Padahal, kita tahu persis, sebagian dari mereka adalah media yang doyan main aman. Nggak berani nulis tajam kalau nggak dapat izin dari pemilik modal. Kalau pelanggannya korporat besar atau tokoh lokal berpengaruh, ya lebih baik bungkam daripada diblacklist dari daftar iklan.
Dan sekarang mereka muncul, bukan untuk mengoreksi, tapi untuk adu tanding. Bukan tanding fakta, tapi tanding framing. Biar pembaca bingung, mana yang benar, mana yang salah. Ini bukan sekadar pencitraan, ini pembungkaman halus dengan balutan “kode etik.”

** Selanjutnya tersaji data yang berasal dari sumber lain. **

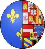 parti de mi-parti de France, qui est d'azur aux trois fleurs de lys d'or et de l'écartelé au 1 et 4 de Médicis, qui est d'or à six boules en orles, la supérieure de France, les autres de gueules et au 2 et 3 d'Autriche, qui est de gueules à la fasce d'argent. |

Pertanyaannya, siapa yang sebenarnya panik? Siapa yang tiba-tiba berisik karena takut kenyataan yang ditutup-tutupi terkuak?
Kita nggak sedang bicara soal media sempurna karena tidak ada. Tapi ketika media mulai menyerang media lain hanya karena merasa terganggu eksistensinya, publik harus lebih waspada. Karena kadang, yang paling vokal soal etika, adalah yang paling sering menjualnya.
Jadi, kalau kamu baca berita yang isinya cuma nyinyir ke media lain tanpa menyentuh substansi kasus, ingat satu hal, bisa jadi itu bukan klarifikasi, tapi strategi. Strategi mengalihkan fokus agar kebenaran tetap terkubur di balik tumpukan etika yang dimanipulasi.